Friday, May 13, 2011

The Joy of Curmudgeon-hood

           Yesterday I was heading over to Trader Joe’s to buy one of those massive chocolate bars with the whole hazelnuts.

There are lots of empty parking places, but this guy in a van in front of me decides he HAS to have this one, particular spot that he’s already driven completely past, and he starts backing up right into me as if I’m not even there. I move a little. He keeps backing. Finally he’s about to run into me, so I tap my horn. He leans out of his window and yells, “Back the **** up!”

I get out of his way as best I can, given the crowd of cars building up behind us. Mr. Van Guy gets his spot. My whole body is shaking, but I do nothing. 

              I had lots of ambitions when I was young. I wanted to be a great Shakespearean actor. Also a rock star. Before that I wanted to be a mail carrier.

Now, I realize, my yearnings have changed. I want to be a curmudgeon.

A real curmudgeon wouldn’t have let Mr. Van Guy push him around. He’d never doubt his own right to take up space in a public parking lot. If there was window-to-window shouting going on, he’d give better than he got.

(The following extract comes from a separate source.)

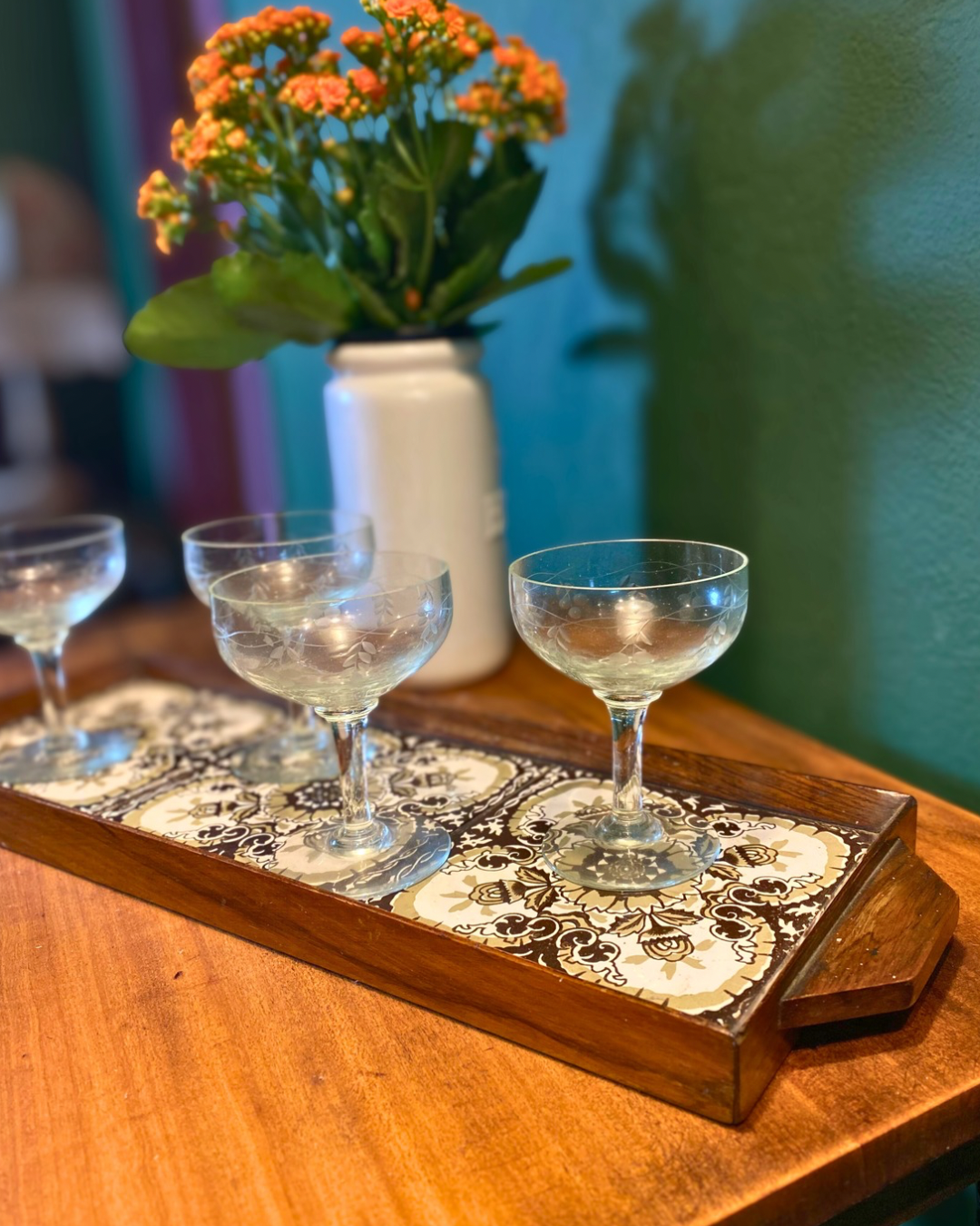 Bandeja Vintage de Madeira nobre de JACARANDÁ ornada com azulejos floridos nos tons de preto e cinza em design moderno e estilizado.

A curmudgeon is nothing like a bitch or a shrew, or any of those shrill feminine complainers. He is self-sufficient, grounded in an unassailable conviction of his own rightness. He probably subscribes to Indignation Quarterly.

The problem is, women can’t be curmudgeons. Curmudgeons are always male. Like geezers and dudes

Guys used to be exclusively male. Now, at least in the US, we’re free to address a group of women as “you guys”. (I tried this once in Scotland and met with a torrent of startled giggles.) We still can’t refer to an individual female as a “guy”, but the word is moving toward gender neutrality. Could we start a movement to re-gender curmudgeon? That splendid word, with its suggestion of bludgeoning in high dudgeon? 

Everything we say to each other—whether in writing or in person—includes a property that linguists call indexicality. Indexing means pointing—that is, a suggestion of some social meaning that doesn’t always follow logically from the words themselves, but that is nevertheless perceived loud and clear. Like the word curmudgeon indexes “elderly maleness”. Like raising your voice? at the end of a phrase? indexes “young femaleness”. It’s not a rational thing, but we all do it, all the time. 

On the bright side, I’m perfectly free to be an old bat. Bats are always female, oddly. The word suggests voluminous capes, probably tweed. Margaret Rutherford’s Miss Marple was a shining role model for aspiring old bats. The word indexes self-sufficiency, nosiness, and a refreshing lack of concern with one’s own sexual attractiveness.

Still I yearn for official curmudgeonhood. I want to be propelled through airports in a bath chair, laying about me with my walking stick as I go. I want to write fiercely irritable letters to the Times, complaining about taxes and weather and the flimsiness of modern paper napkins. 

I hereby declare the existence of female curmudgeons. Now move aside, damnit.